Starting at the first line of the material below and stopping after the line that includes "Приложение позволяет создать", write the lines out again exactly. Drop any pictures.

═════ Records shown ═════

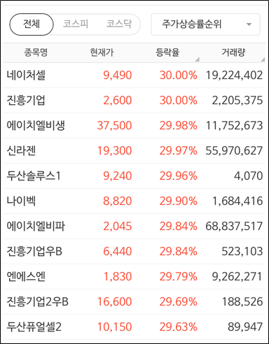 보여주고 있으나, 그 외 나머지 종목들이 조정을 받는 장이었네요.
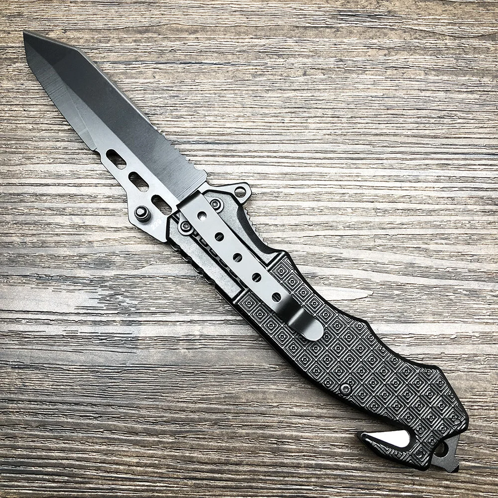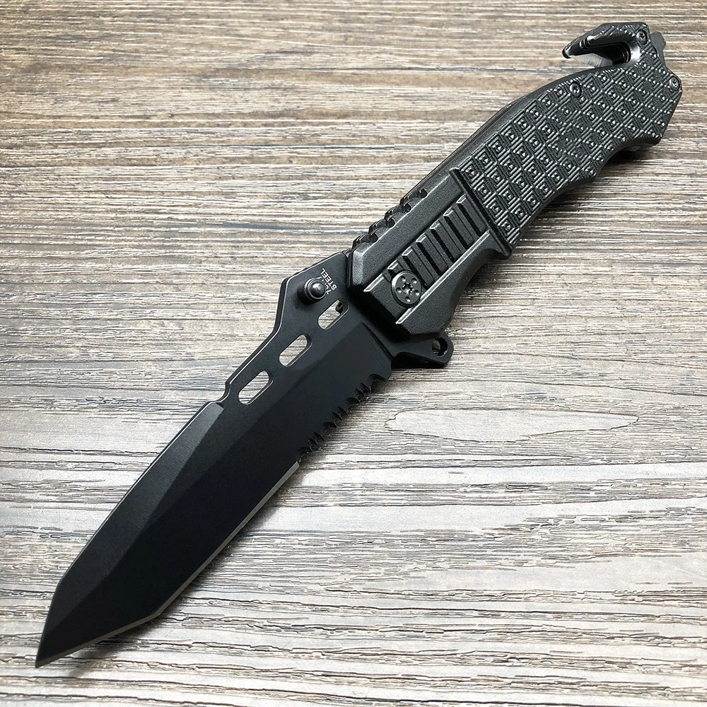 BJL 229 Black Folding Knife 7CR17Mov Half Serrated Blade Tactical Camping Survival Combat Pocket Kn
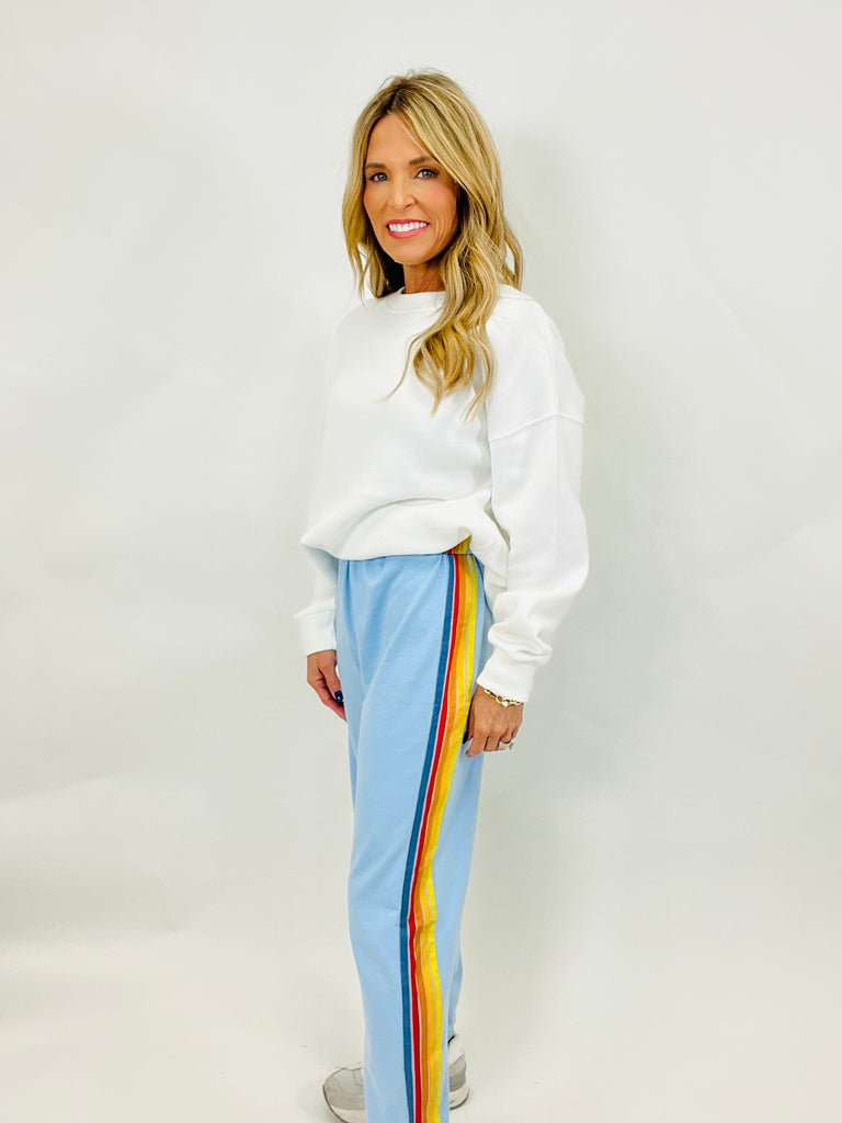 Blue joggers with multicolor stripe detail and an elastic waistband. Runs true to size and a small is shown in the picture.
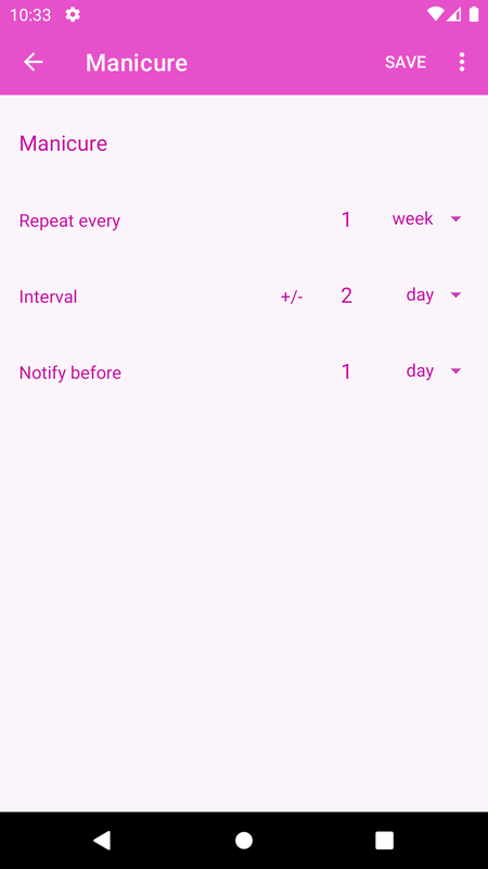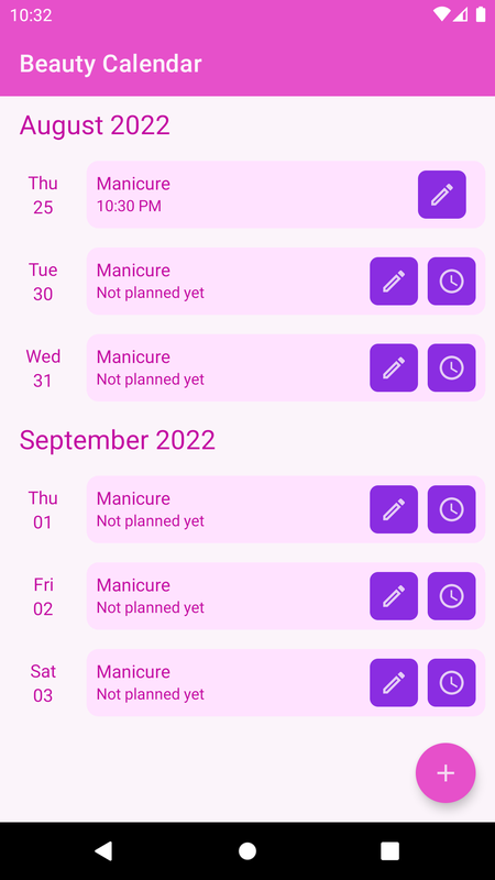 Приложение позволяет создать раписание Ваших процедур и будет напоминать о том, чтобы сделать запись вовремя. Также, оно напомнит Вам о приближающейся записи.
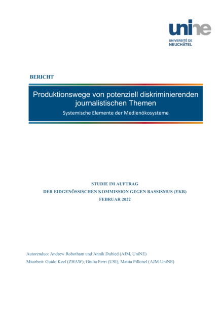 "Dieser Bericht vertieft die Ergebnisse einer Medienanalyse, bei der zu pädagogischen Zwecken (gute wie schlechte) Beispiele von Medienberichterstattung im Zusammenhang mit rassistischer Diskriminierung in Schweizer Nachrichtenmedien zusammengetragen wurden. […] Diese Studie stützt sich auf detaillierte Untersuchungen von drei Artikeln mit diskriminierenden Auswirkungen. Sie umfasst die Analyse der Artikel selbst (Diskursanalyse) und vertiefte Gespräche (Forschungsinterviews) mit den Autorinnen bzw. Autoren der Artikel, weiteren Journalistinnen und Journalisten sowie Mitgliedern der Redaktion, die für den jeweiligen Artikel zuständig war. Diese Interviews ermöglichten es, die wichtigsten Schritte bei der Produktion von Nachrichten, die als diskriminierungssensibel bezeichnet werden können, nachzuvollziehen und die dabei wirksamen Berufspraktiken und -logiken zu identifizieren." (Vorwort, iii & Abstract iv)

═════

**Solution to the problem**
 보여주고 있으나, 그 외 나머지 종목들이 조정을 받는 장이었네요.
 BJL 229 Black Folding Knife 7CR17Mov Half Serrated Blade Tactical Camping Survival Combat Pocket Kn
 Blue joggers with multicolor stripe detail and an elastic waistband. Runs true to size and a small is shown in the picture.
 Приложение позволяет создать раписание Ваших процедур и будет напоминать о том, чтобы сделать запись вовремя. Также, оно напомнит Вам о приближающейся записи.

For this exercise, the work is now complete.